(Provided material)
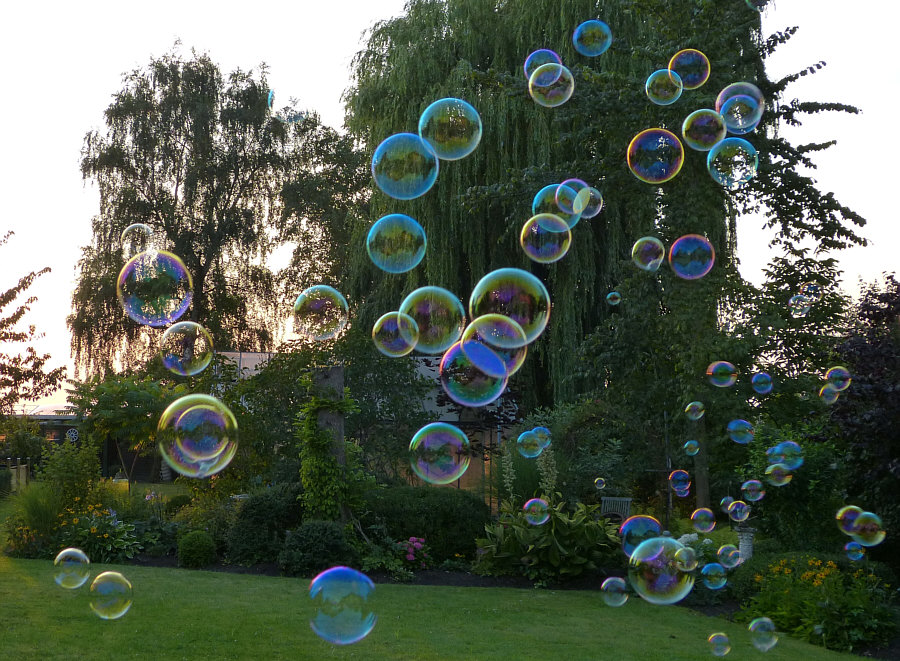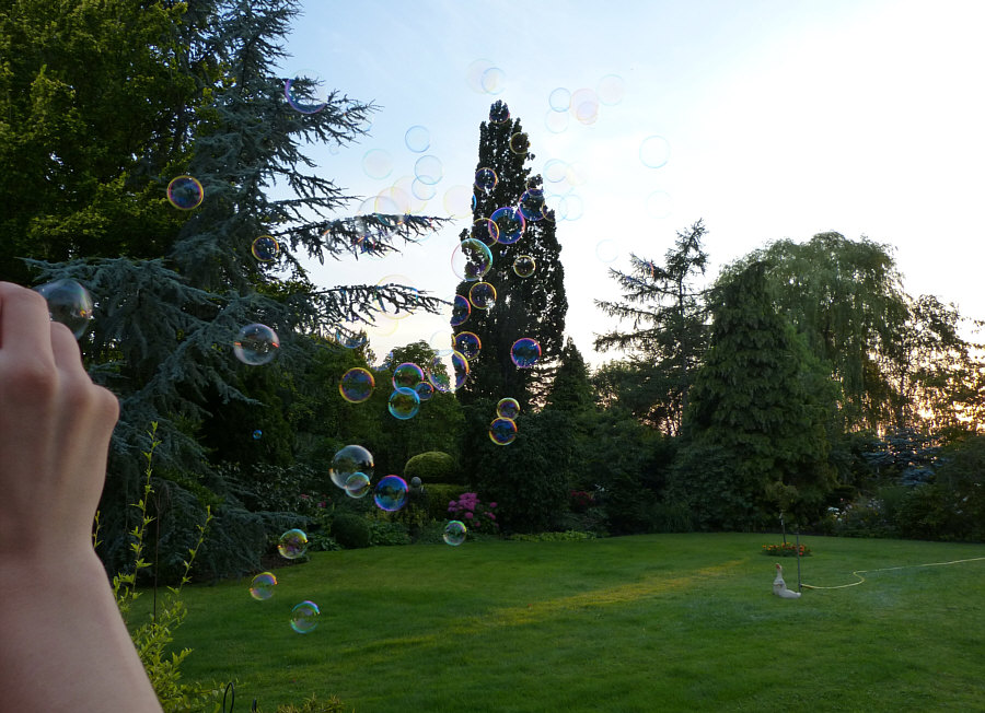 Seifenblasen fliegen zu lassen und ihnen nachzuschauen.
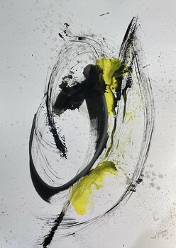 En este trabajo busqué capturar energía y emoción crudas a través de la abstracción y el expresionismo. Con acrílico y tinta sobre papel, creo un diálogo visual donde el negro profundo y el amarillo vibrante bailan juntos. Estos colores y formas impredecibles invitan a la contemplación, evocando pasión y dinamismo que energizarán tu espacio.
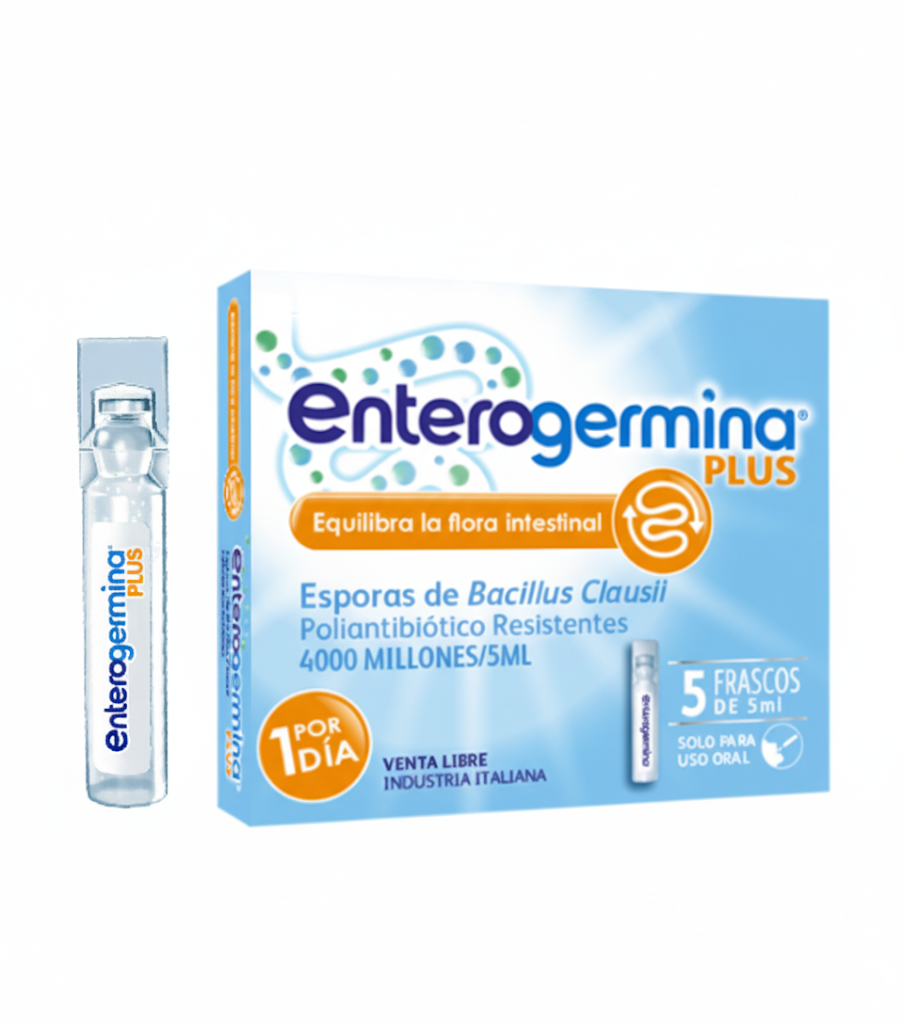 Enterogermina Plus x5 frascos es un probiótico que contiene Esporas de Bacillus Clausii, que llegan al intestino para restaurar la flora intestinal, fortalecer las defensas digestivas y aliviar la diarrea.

==

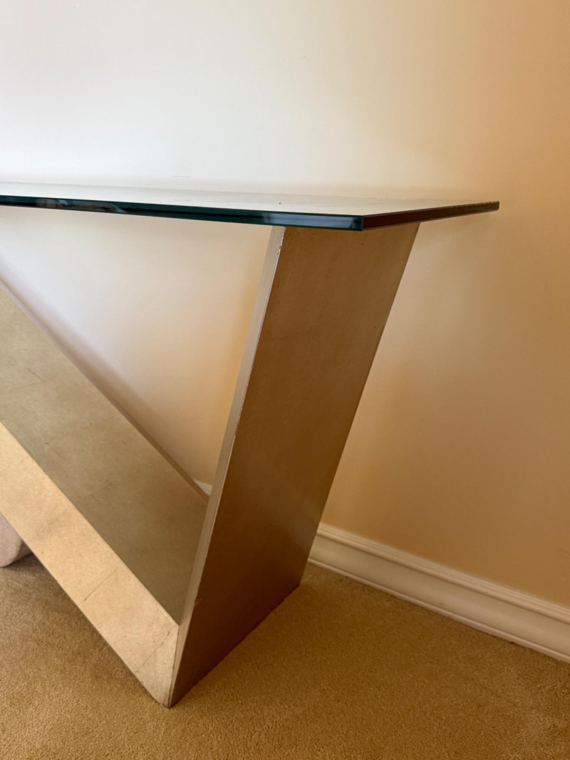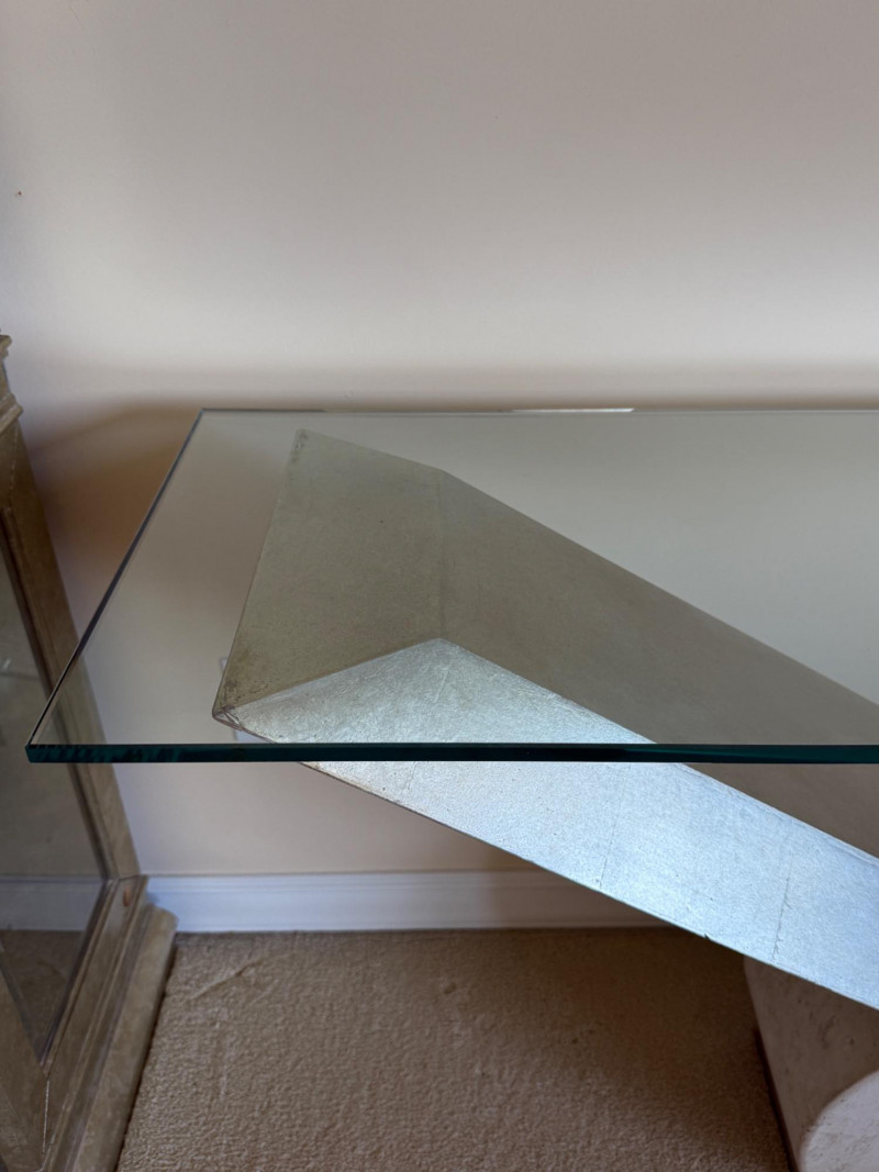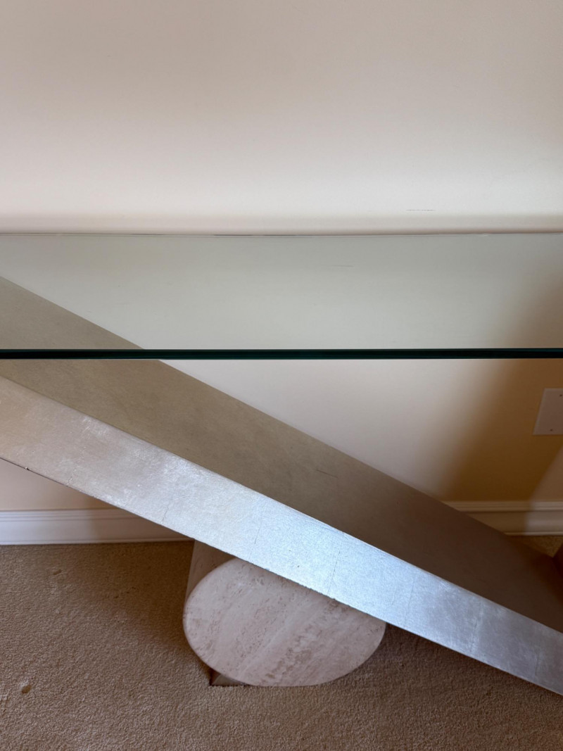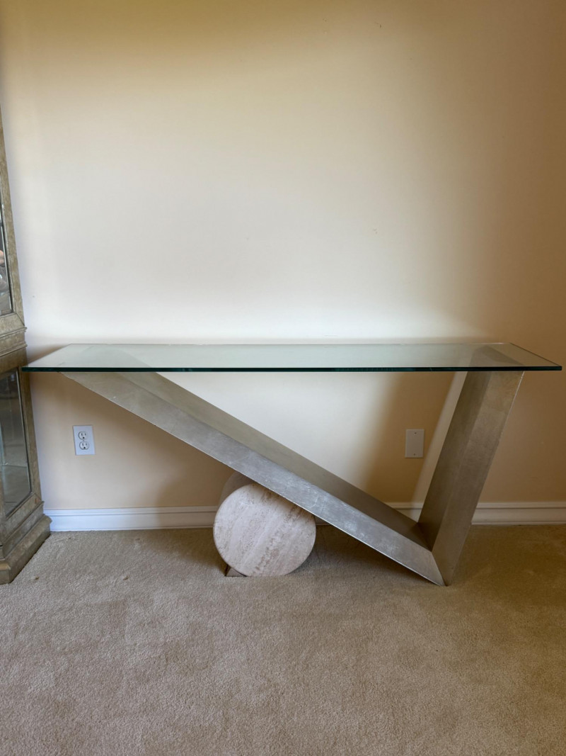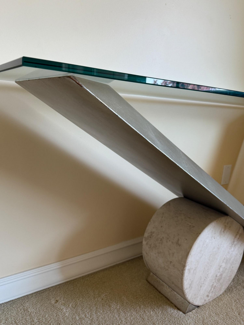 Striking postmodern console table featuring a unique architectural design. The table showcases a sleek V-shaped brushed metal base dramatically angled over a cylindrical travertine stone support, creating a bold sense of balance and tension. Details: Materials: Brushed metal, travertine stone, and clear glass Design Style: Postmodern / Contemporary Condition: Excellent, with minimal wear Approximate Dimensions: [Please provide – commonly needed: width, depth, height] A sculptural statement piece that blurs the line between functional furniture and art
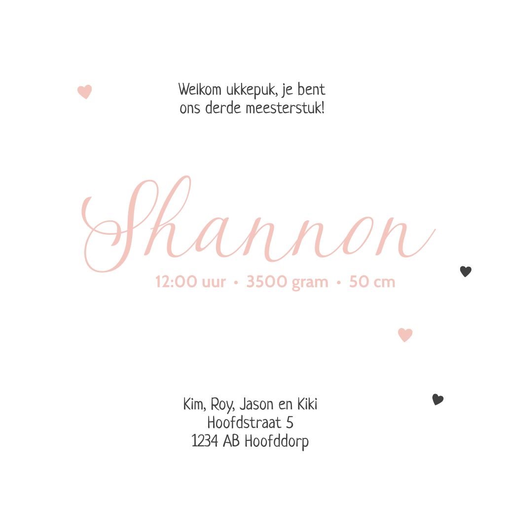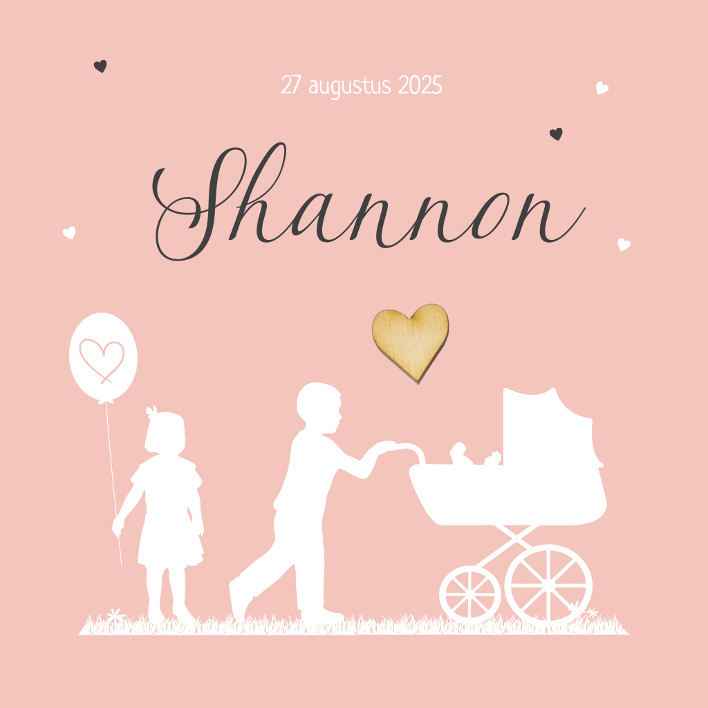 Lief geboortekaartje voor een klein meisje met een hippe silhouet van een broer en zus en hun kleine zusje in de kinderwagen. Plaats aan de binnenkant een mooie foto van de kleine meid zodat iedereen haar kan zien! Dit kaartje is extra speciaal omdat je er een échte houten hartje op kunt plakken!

(Requirement)
Give the lines above again exactly, from the one containing "Striking postmodern console" to the one containing "Lief geboortekaartje voor", both included, but leave out the pictures.

(Final answer)
 Striking postmodern console table featuring a unique architectural design. The table showcases a sleek V-shaped brushed metal base dramatically angled over a cylindrical travertine stone support, creating a bold sense of balance and tension. Details: Materials: Brushed metal, travertine stone, and clear glass Design Style: Postmodern / Contemporary Condition: Excellent, with minimal wear Approximate Dimensions: [Please provide – commonly needed: width, depth, height] A sculptural statement piece that blurs the line between functional furniture and art
 Lief geboortekaartje voor een klein meisje met een hippe silhouet van een broer en zus en hun kleine zusje in de kinderwagen. Plaats aan de binnenkant een mooie foto van de kleine meid zodat iedereen haar kan zien! Dit kaartje is extra speciaal omdat je er een échte houten hartje op kunt plakken!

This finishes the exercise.